Cueing effects persist after controlling for head position biases. (A) Head position and orientation were monitored for each bird on each trial. Lateral displacement (Δ) and yaw (θ) of the head relative to the vertical plane perpendicular to the display and passing through the zeroing cross. The red annulus represents the side of the cue. (B) Psychometric functions of percent correct without (gray) or with (red) the spatial cue, as a function of relative target strength, after excluding trials in which the head was in a biased position (population data). Solid lines are the cumulative Gaussian fits. Dashed lines are the fits based on the entire dataset (repeated from Fig. 1F). Other conventions are the same as in Fig. 1F. (C) Same as in B, but for response times. Other conventions are as in Fig. 1G. (D) Same as in B, but for percent correct with valid (red) and invalid (blue) cueing. Other conventions are as in Fig. 4B. (E) Same as in D, but for response times. Other conventions are as in Fig. 4C.

On cued trials, the cue predicted the side of the upcoming target stimulus with high validity. Nevertheless, in the majority of cued trials (which were interleaved with uncued trials), the distribution of head positions largely overlapped those in uncued trials (Fig. S6, green).

In a subset of cued trials, however, a clear head position bias was observed (Fig. S6, red vs. gray): The head was translated up to several millimeters toward the side of the cue (Fig. 5A; Δ) and the beak direction was simultaneously counterrotated away from the cue and back toward the zeroing cross (Fig. 5A; θ). The most obvious explanation for this unexpected, counterrotation of the head away from the side of the cue, specifically on these trials, was that the bird was maintaining binocular fixation of the zeroing cross while displacing its head toward the side of the cue. The same behavior was observed in all tested birds.

This overt movement strategy may have conferred some performance advantage on cued relative to uncued or invalidly cued trials. First, this motor strategy may have allowed faster response times. Second, it increased (by up to 0.5° for the 95th percentile of head displacement deviations) the size of the 2° target dot on the retina on the side of the cue. To control for these potential effects of overt differences, we reanalyzed the data after selecting specifically for trials with matching values of head Δ and θ (tolerance: Δ = ±0.5 mm; θ = ±1°) across cued and uncued conditions (Fig. S6, green; for details, see SI Methods). Due to the stringency of this matching process, >50% of trials were eliminated from the analysis.

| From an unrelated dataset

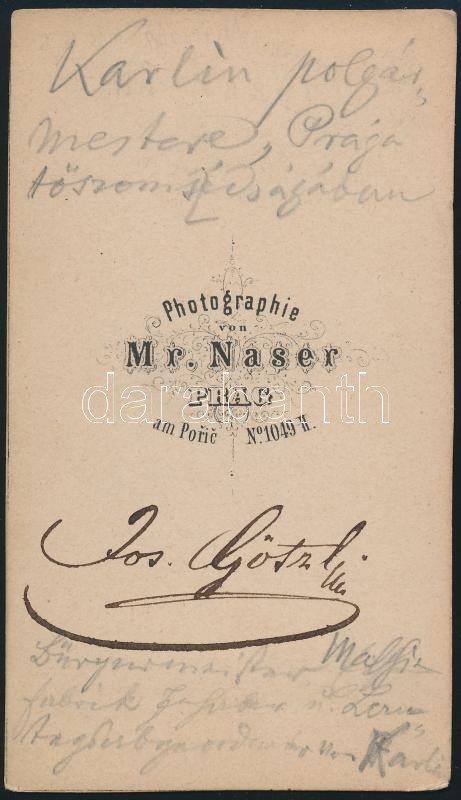 cca 1860-1870 Josef Götzl/Joseph Götzel (1820-1892) a Prága melletti Karlín város polgármestere, keményhátú fotó, Prága. Mr. Naser műterméből, a hátoldalon aláírt, a hátoldalon feliratozott, 10x6 cm/

Reanalysis of the data yielded results (Fig. 5 BE, solid lines) that closely resembled the original results based on the entire dataset (Fig. 5 BE, dashed lines). Percent correct was consistently higher for cued compared with uncued or invalidly cued trials, and statistically significant (*P < 0.05, bootstrap test) at low and intermediate values of relative target strength (Fig. 5 B and D; the decrease in statistical significance can, in part, be attributed to the decrease in sample sizes for bootstrap analysis, following the Δ–θ matching procedure). The most conspicuous difference was a higher percent correct on invalidly cued trials for high relative target strengths (Fig. 5D, Trel > 1).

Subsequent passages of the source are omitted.